Мы с Евфросинией Петровной очень потешались.
- А я ей, - продолжала далее Нина Витольдовна, - дала еще и мозоли на руках потрогать, - они еще не сошли с тех пор, как с Виктором получили землю от общины. Так они все кинулись целовать меня: "Вы ж теперь наша, совсем наша!.." Видите, как мало нужно для того, чтобы получить пропуск в другое общественное сословие!..
- Ну, это вы, Нина Витольдовна, упрощаете! Те наивные девчата еще не делают погоды.
- А я думаю: если приняли меня они, то примет и общество. Я не могу думать о них хуже, чем они того стоят. Мне сейчас так легко, что я верю только в хорошее.
Я подумал: "Ты, золотая душа, можешь и разочароваться. Ведь суеверия очень живучи среди людей темных и одержимых".
Уже, казалось, можно было и расходиться, как пришла из хаты-читальни наша Павлина. Девушка была грустная, пожалуй, даже угрюмая.
- Что с тобой, детка? Садись с нами пить чай.
- Ой, Евфросиния Петровна, с души воротит!..
- Что такое, может, парни?..
- Да нет, Иван Иванович... Совсем не то. Сегодня у каких-то Титаренко невестку из петли вытащили. Говорят, едва отходили.
Какое-то недоброе, дурманящее и едкое тепло разлилось у меня в груди. Перед глазами всплыла мерцающая сетка и не исчезала даже после того, как я зажмурил глаза.
- Яринка... о господи!..
- Что?! Как?! - Евфросиния Петровна насела на будущую свою невестку, будто она была причастна к Яринкиному крутому отчаянию.
- Всякое говорят, - защищалась Павлина. - Одни: тронутая она, мол, чего ей надо еще - попала к таким богатеям, другие: муж ее, мол, пасется на чужом поле, а еще иные - эти ненасытные жадины не одну на тот свет спровадят.
И за столом среди нас, казалось, сел кто-то серый и косматый, без лица и теплого духа. И разъединил нас всех. Мы чувствовали себя словно воры, которых должны вывести из хаты на всеобщий позор.
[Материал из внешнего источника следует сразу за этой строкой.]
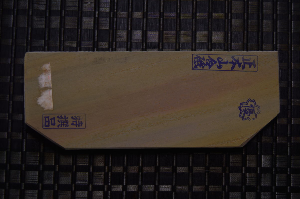 Re: Продаётся от artemarut1 Распродажа страницы №1Spoiler Show Японский камень, цвет солнечный (Иромоно), твердость около 4+ очень тонкий финишный камень, использовать лучше всего последним в сете, суспензию добровольно не дает, но очень легко выжать с помощью нагуры. Такой тип камней можно использовать без сета нагур, достаточно одной более твердой чем сам камень. Нет каких либо царапающих включений, линия на камне исключительно цветовая, обработан против расслаивания (бока и низ, некоторое время камень был в моем рабочем сете). Размер в максимуме 167/83/27мм Цена Продан Spoiler Show

И от стыда отрекались друг от друга - не я! не я! меня не было в этой хате, я не живу вместе с теми людьми, их жестокость меня не касается!
И Нина Витольдовна пошла с дочкой к себе, а мы с Евфросинией Петровной тоже ушли - каждый сам в себя.
Только Павлина осталась сама собою - не чувствовала никакой вины.
- Надо и у нас организовать женсовет. Защищать женщин. Ох, как бы я их!.. Тех хозяев! Мироедов!
Тень Евфросинии Петровны ответила на это:
- Смотри, детка! Убьют! Я не переживу этого.
- Они убивают постоянно. Работой, такой, что плечи трещат и голова кругом идет! Проклятиями - за кусок хлеба, что дают за эту работу! Я их знаю.
Мой скепсис, частица моего существа, тоже подал голос:
- Да никто не пойдет в твой женский совет!
И Павлина, пожалуй, знала - не пойдут. Но была в ней какая-то неуклонная - вне времени и обстоятельств - вера.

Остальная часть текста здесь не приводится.